Posted by – January 24, 2007

Richard JuangAlthough Richard M. Juang is an otherwise studious English professor, I came to know him through my participation with the NCTE Board of Advisors, and increasingly found him to be gentle and smart as a whip. We got to sit down and talk recently at First Event, where he agreed to answer my Five Questions.

(1) Tell me about the impetus that lead to writing Transgender Rights. Why now? Why you, Paisley Currah, and Shannon Price Minter?
Transgender Rights
helps create a discussion of the concrete issues faced by transgender people and communities. Our contributors have all written in an accessible way, while also respecting the need for complex in-depth thought, whether the topic is employment, family law, health care, poverty, or hate crimes. We also provide two important primary documents and commentaries on them: the International Bill of Gender Rights and an important decision from the Colombian Constitutional Court concerning an intersex child. Both have important implications for thinking about how one articulates the right of gender self-determination in law. We wanted to create a single volume that would let students, activists, attorneys, and policy-makers think about transgender civil rights issues, history, and political activism well beyond Transgender 101.Transgender Rights

One of the things the book doesn’t do is get bogged down in a lot of debate about how to define “transgender” or about what transgender identity “means”; we wanted to break sharply away from that tendency in scholarly writing. Instead, we wanted to make available a well-informed overview about the legal and political reality that transgender people live in.

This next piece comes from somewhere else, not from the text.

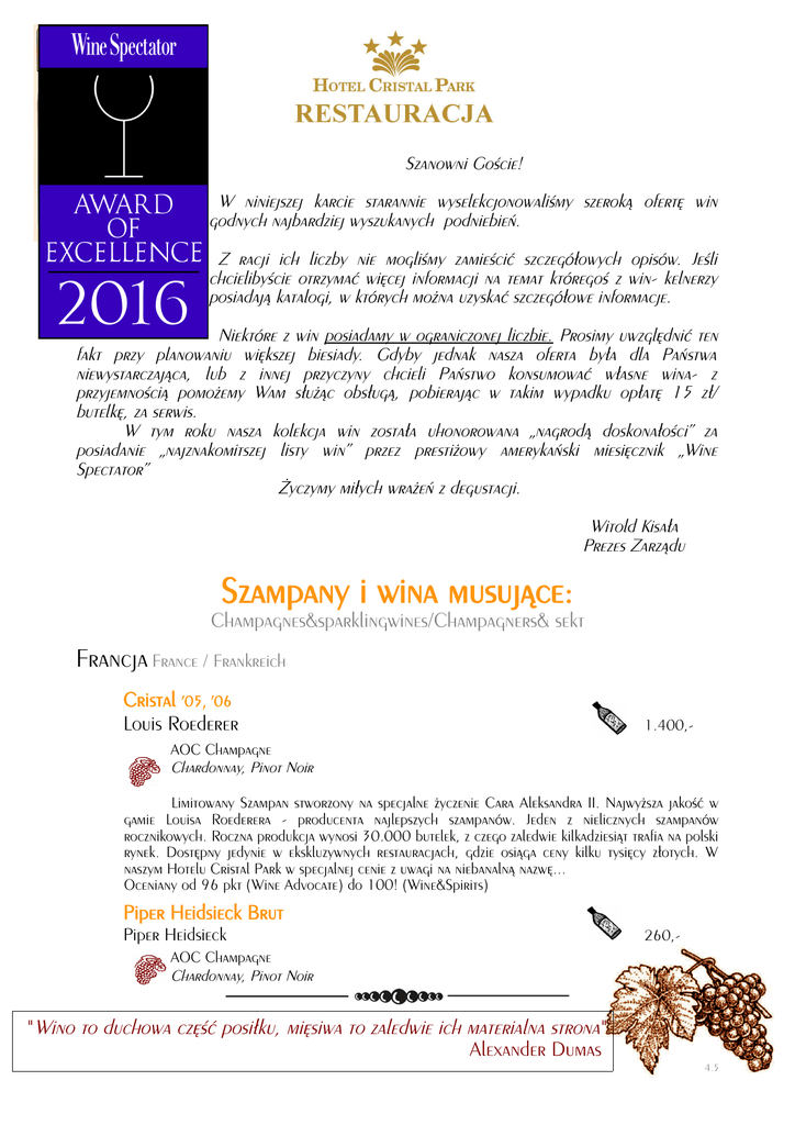 Szanowni Goście! W niniejszej karcie starannie wyselekcjonowaliśmy szeroką ofertę win godnych najbardziej wyszukanych podniebień. Z racji ich liczby nie mogliśmy zamieścić szczegółowych opisów. Jeśli chcielibyście otrzymać więcej informacji na temat któregoś z win- kelnerzy posiadają katalogi, w których można uzyskać szczegółowe informacje. Niektóre z win posiadamy w ograniczonej liczbie. Prosimy uwzględnić ten fakt przy planowaniu większej biesiady. Gdyby jednak nasza oferta była dla Państwa niewystarczająca, lub z innej przyczyny chcieli Państwo konsumować własne wina- z przyjemnością pomożemy Wam służąc obsługą, pobierając w takim wypadku opłatę 15 zł/ butelkę, za serwis. W tym roku nasza kolekcja win została uhonorowana „nagrodą doskonałości” za posiadanie „najznakomitszej listy win” przez prestiżowy amerykański miesięcznik „Wine Spectator” Życzymy miłych wrażeń z degustacji. Witold Kisała Prezes Zarządu Szampany i wina musujące: Champagnes&sparklingwines/Champagners& sekt Francja France / Frankreich Cristal '05, '06 Louis Roederer 1.400,- AOC Champagne Chardonnay, Pinot Noir Limitowany Szampan stworzony na specjalne życzenie Cara Aleksandra II. Najwyższa jakość w gamie Louisa Roederera - producenta najlepszych szampanów. Jeden z nielicznych szampanów rocznikowych. Roczna produkcja wynosi 30.000 butelek, z czego zaledwie kilkadziesiąt trafia na polski rynek. Dostępny jedynie w ekskluzywnych restauracjach, gdzie osiąga ceny kilku tysięcy złotych. W naszym Hotelu Cristal Park w specjalnej cenie z uwagi na niebanalną nazwę... Oceniany od 96 pkt (Wine Advocate) do 100! (Wine&Spirits) Piper Heidsieck Brut Piper Heidsieck 260,- AOC Champagne Chardonnay, Pinot Noir "Wino to duchowa część posiłku, mięsiwa to zaledwie ich materialna strona " Alexander Dumas 4.5 Hiszpania Spain / Spanien Codorniu Extra Semi-sec 85,- DO Cava Macabeo, Xarel.lo, Perellada, Chardonay Cava Palau Semi Seco Mont Marçal DO Cava Xarel.lo, Macabeo, Perellada 40,- Italia Italy/ Italien Prosecco Extra Dry Villa Gustianini Wino zakonu maltańskiego 70,- DOCG Asolo, Nervesa della Battaglia. Glera Polska Poland / Polen Cydr po Szampańsku Cider Dąbrowa Tarnowska, Cydr Jabłkowy 30,- Wina białe: White wines/ Weiss wein Polska Poland/ Polen Kernling '14 Winnica Pałac Mierzęcin 140,- Mierzęcin, Lubuskie, Kernling Riesling '14 Winnica Pałac Mierzęcin 140,- Mierzęcin, Lubuskie, Riesling Seyval Blanc '15 Winnica Turnau 100,- Baniewice, Banie, Zachodniopomorskie Seyval Blanc Hibernal '15 półsłodkie! Semisweet! Halbsüß! Winnica Turnau 100,- Baniewice, Banie, Zachodniopomorskie Hibernal "U dobrych ludzi odnajdziesz dobrą gościnę, dobre wino i dobre towarzystwo" - William Shakespeare 4.5 Cuvee Srebrna Góra '14 Srebrna Góra 13,- 90,- Bielany, Kraków, Małopolska, Polska Jahanniter, Hibernal, Gewurztraminer, Solaris Hibernal '14 Winnica Chodorowa 85,- Chodorowa, Pogórze Rożnowskie, Małopolska, Hibernal Europa Środkowa Central Europe / Mitteleuropa Riesling Smaragd Kellerberg '12 Domäne Wachau Wachau, Niederösterreich, Österreich Austria 160,- Riesling Traminer Classic półsłodkie! Semisweet! Halbsüß! '12 Wine Princess D.O.C. Miniş, Crișana, România Rumunia Traminer 75,- Tokaji Furmint '11 Zsirai Pinceszet 65,- Tokaji, Magyarország Węgry Furmint Veltlinske zelené '14 Chãteau Topolæianky 50- Kraj Nitrzańsky, Slovensko Słowacja Veltlinske zelené Francja France/ Frankreich Chateaneuf du Pape „La Bernardine” '08 M. Chapoutier 280,- AOC Chateaneuf- du- Pape Grenache White, Bourboulenc, Clairette Chablis 1-er Cru Les Vaudevey '12 Domaine Laroche 250,- AC Chablis 1-er Cru Vaudevey Chardonay "Wino to światło, zatrzymane przez wodę" -Galileusz 4.5 Mouton Cadet Reserve Blanc '07 Baron Philippe de Rotschild 120,- AC Graves Semillion, Sauvignon Blanc, Muscadelle Cotes du Rohne Blanc' '11 Louis Bernard 80,- AOC Cote du Rhone Granache Blanc, Bourboulenc, Marsanne, Viognier Gewürztraminer '12 Maison Boeckel Alsace 80,- Gewürztraminer Italia Italy/ Italien Friuliano '14 Rocca Bernarda Wino Zakonu Maltańskiego 65,- Rocca Bernarda, Friuli Colli Orientali DOC Friulano Orvieto Clasico '12 Cecchi 60,DOC Orvieto Grechetto, Blend wieloszczepowy Pecorino di Chieti '13 FeudoAntico 60,- IGP Chieti, Abruzzo Pecorino Hiszpania Spain/ Spanien Vina Esmeralda '14 Miguel Torres 80,- DO Catalunya Moscatel, Gewurztraminer Portugalia Portugal Redoma Branco Riserva '06 Nieport 280,- DOC Douro Rabigato, Codega, Donzelinho, Viosinho, Arinto oraz inne "Wyborne wino budzi entuzjazm, a cokolwiek robisz z entuzjazmem kończy się najczęściej sukcesem." - baron Phillippe De Rothschild 4.5 Ziemia Święta Israel Yarden Gewürztraminer '12 Golan Heights Winery 100,- Golan Heights Gewürztraminer Mount Hermon White '14 Golan Heights Winery 37,5 cl 45,- Golan Heights Chardonnay, Sauvignon blanc USA California USA California/ USA Californien Robert Mondavi Fume Blanc '08 Robert Mondavi Winery 180,- Napa Valley Sauvignon Blanc, Semillon Chile Chile Santa Digna Sauvignon Blanc '13 Miguel Torres 75,- Central Valley Sauvignon Blanc Tamaya Chardonnay Reserva '11 Vińa Casa Tamaya Limarí Valley, Chardonnay Argentyna 75,Coquimbo Argentina/ Argentinien Trivento Chardonnay Reserve '12 Trivento 75,- Mendoza Chardonnay Cristal Premium Selection (Lamita 2015) Bodega y Viºedos Mauricio Lorca Mendoza Chardonnay 8,- 50- "Wino otwiera serce na miłość. Chyba, że zbyt wiele go wypijesz. " - Owidiusz. 4.5 Wina czerwone: Red wines/ Rot wein Polska Poland/ Polen Regent Reserva '13 Winnica Pałac Mierzęcin 145,- Mierzęcin, Lubuskie, Regent Rondo '13 Winnica Pałac Mierzęcin 145,- Mierzęcin, Lubuskie, Rondo Novum Cuvee '13 Winnica Uniwerytetu Jagiellońskiego, Nad Dworskim Potokiem 110,- Łazy k/Bochni, Małopolska, Maréchal Foch, Leon Millot Rondo/Regent '14 Winnica Turnau 100,- Baniewice, Banie, Zachodniopomorskie, Rondo, Regent Regent '14 Srebrna Góra

Oddly enough, Shannon, Paisley and I each did graduate work in a different field at Cornell University in Ithaca NY. (Apparently, a small town in upstate New York is a good place to create transgender activists!) The book represents a cross-disciplinary collaboration where, although we had common goals for the book, we also had different perspectives. The result was that, as editors, we were able to stay alert to the fact that the transgender movement is diverse and has many different priorities and types of activism.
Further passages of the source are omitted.